Parlor Tricks and Porch Favorites is the first album by folk musician Pat Gubler, who records under the name P.G. Six. In 2001, when the album was released, Gubler was in seminal free folk/noise folk/improv folk collective Tower Recordings. They were a formidable outfit that released an indeterminate number of albums in a wide array of traditional and non-traditional formats, as bands of their shamanic ilk (Vibracathedral Orchestra, Charalambides, Sunburned Hand of the Man, Jackie-O Motherfucker, et. al) are wont to do. Parlor Tricks and Porch Favorites is at once an extension of the avant-folk themes Gubler pursued in Tower Recordings and a welcome respite from his primary concern’s cluttered clatter.
It is, above all, an album of hushed moments, of quietly contemplative beauty. And it’s all complemented perfectly by Gubler’s singular voice, which manages to be entirely arresting while remaining incredibly limited. To compare it to any other set of pipes is probably a misstep on my part, but for point of reference, imagine Calexico singer Joey Burns, sans nasality, with a bucolic lilt. (Pretty specific, no? I’m trying here.) That may not sound that special, but Gubler’s abstracted, crystalline arrangements multiply the calming effect of his vocals, rendering them wholly hypnotic.
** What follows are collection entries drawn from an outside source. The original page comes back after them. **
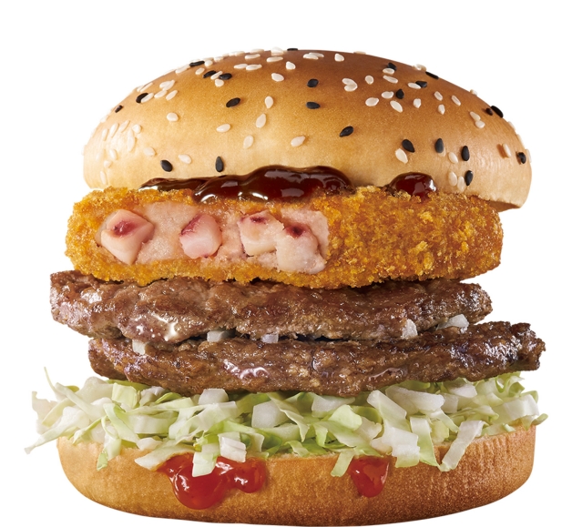 「日式豬排魷魚堡」:7月24日至8月20日期間限定登場(或售完為止),單點124元;經典套餐189元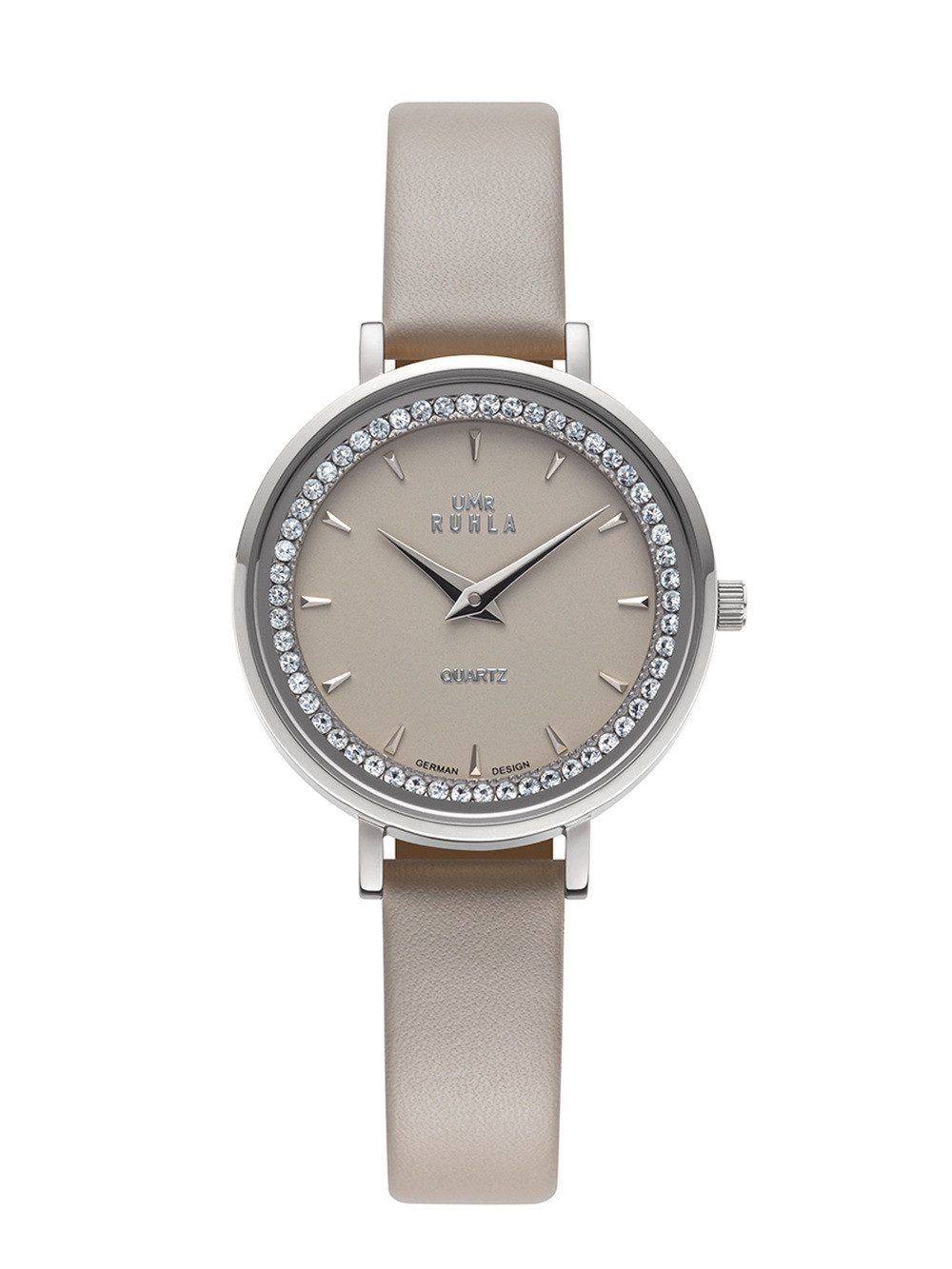 Zifferblatt: taupefarbenes Zifferblatt mit silbernen Indizes mit Swarovskisteinchen innenliegend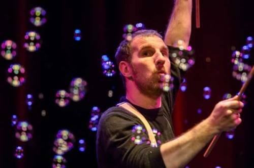 Spectacle intimiste et singulier, Les Petits riens est une succession d’instantanés de poésie visuelle et sonore. Sébastien Kauffmann s’empare d’une matière capricieuse, la bulle de savon, qu’il dompte en manipulateur précautionneux. Accompagné d’un musicien au milieu de vieux objets, son souffle donne corps à des arabesques oblongues ou rondes qui rebondissent l’une sur l’autre et se déplacent au gré des fluctuations de l’air. Autant de sphères dans lesquelles la fumée se concentre et la lumière forme des arcs-en-ciel enchanteurs. Notre bulleur les couve du regard, les caresse pour mieux les déplacer. Les vibrations de son corps testent les limites de cette fine couche d’eau savonneuse frissonnant dans l’espace. Sa recherche autour de la fragilité le place au service de son objet d’attention dans un dialogue éphémère. Le temps d’existence limité de chaque bulle et leur inévitable éclatement focalisent le regard du public sur le moindre geste. Chacun guette les improbables réussites d’un stakhanoviste de l’aléatoire, érigé au rang d’art.

And this music is, absolutely, crystalline and hypnotic. The hushed, circular guitar picking of “Unteleported Man” creates finely tuned and enveloping figures. Chiming overlays of harp and washes of droning flutes and reeds act as counterpoints, at one point interrupting the guitar playing. Gubler gently hums along. That’s it. But for over six minutes, the effect is completely entrancing. “Go Your Way” might be both more abstracted and more lovely, featuring mellow flutters and trills on a harp and subdued lilting by Gubler for a good four minutes. Stately bodrhan-esque drumming joins in for another four. And when I refer to harp playing here, this isn’t Joanna Newsom-level stuff here. This is absolutely sublime work.
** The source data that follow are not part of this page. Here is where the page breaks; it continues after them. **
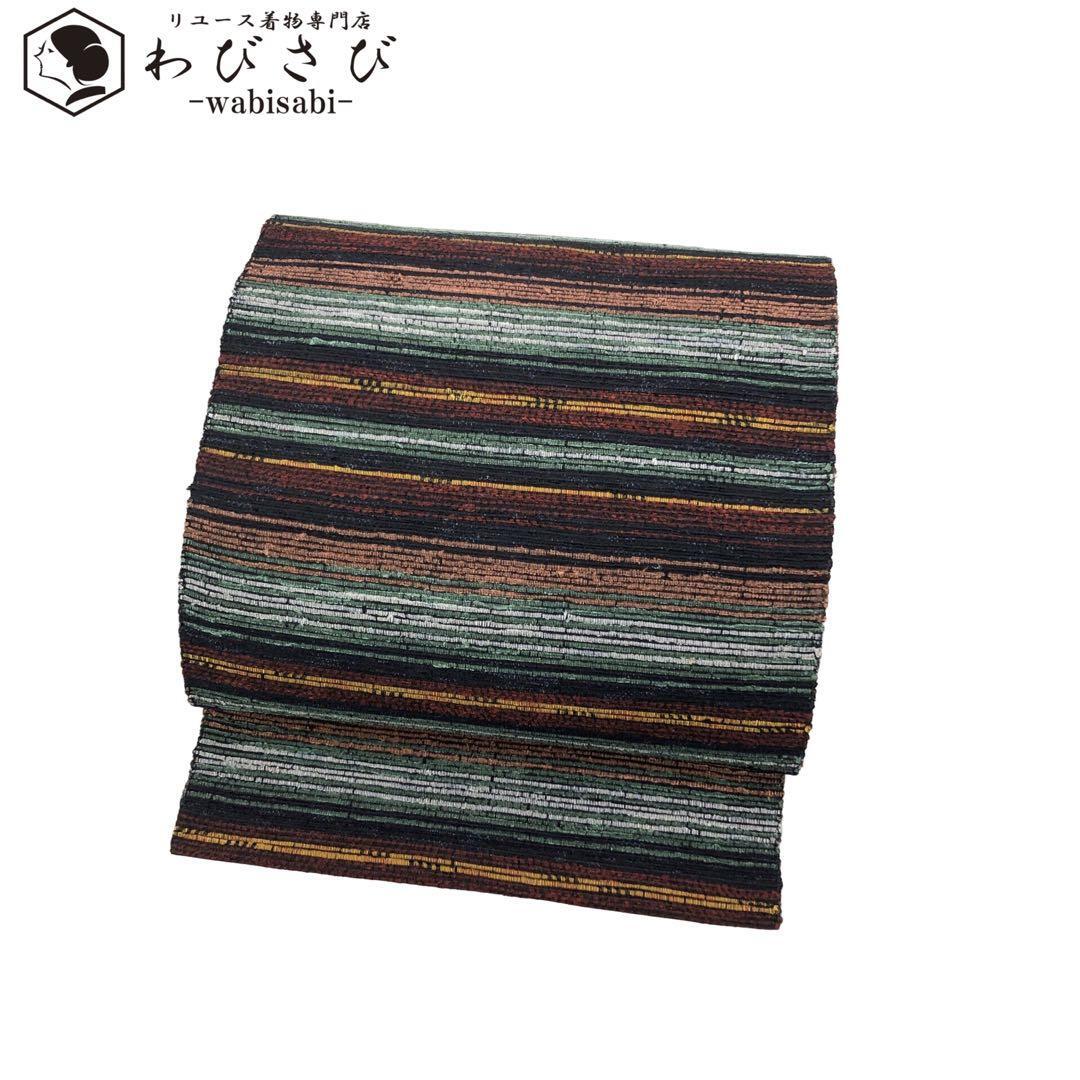 - 名古屋帯 裂織 雰囲気の良い色彩 横縞織模様 O-4643 着物 きもの kimono 和服 和装 中古 リサイクル着物 【送料無料】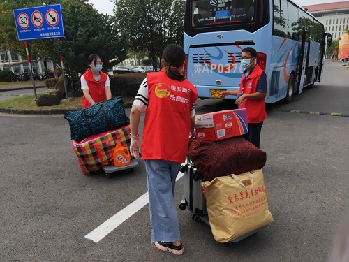 27日一早,教师志愿者们身穿红马甲,精神抖擞开展工作。在校东门口引导新生进校,帮助他们将行李搬运上车。过程中与新生和家长们亲切交谈,回答他们的各类问题、消除他们的不安情绪。在校园中处处可以看到志愿者忙碌的身影、经过他们热情耐心的讲解和指引,2021级新生通过查验通道很快地进入校园、住进宿舍,工作有条不紊,忙而有序。教师红马甲成为迎新现场一道亮丽的风景线。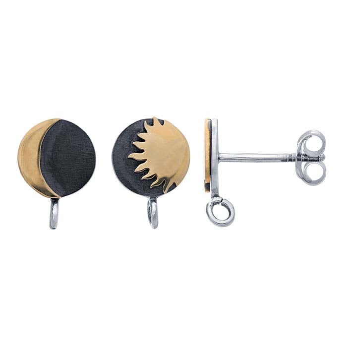 These finished earrings feature a brightly-finished bronze sun and moon—one post holds a crescent moon, the other holds a sun on a dark, oxidized background. Each has a ring for attaching a drop or dangle. The friction post features a groove that helps provide the most secure and comfortable fit; ear nuts are included.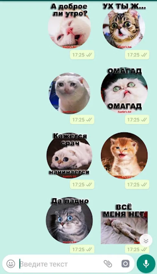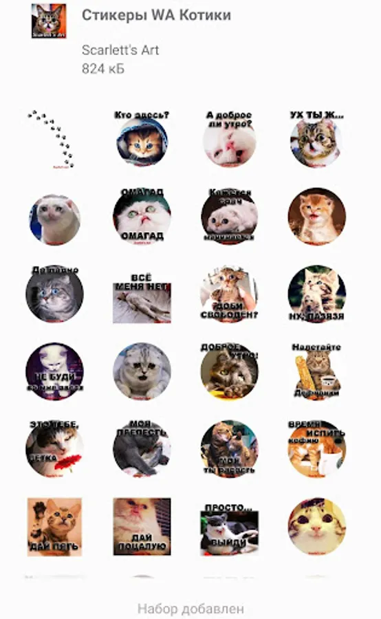 The original set of 30 stickers for WhatsApp with cute, funny, funny cats.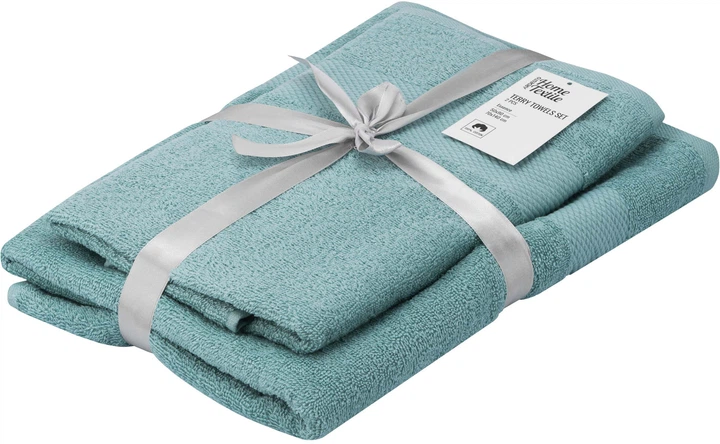 Набір 2 махрових рушники Ardesto Essence для ванної 70x140 + 50x90 см Аква (ART2358AQ)

Compared to his subsequent album, 2004’s The Well of Memory, Parlor Tricks and Porch Favorites is more of a piece, sporting a much more unified sound from beginning to end, and lacking the highlights and missteps of his sophomore work. (I really, really don’t want to get into his third solo album, Slightly Sorry, but I feel more and more like I should.) Parlor Tricks and Porch Favorites is pastoral and seemingly effortlessly intricate. It’s underrated. It’s beautiful.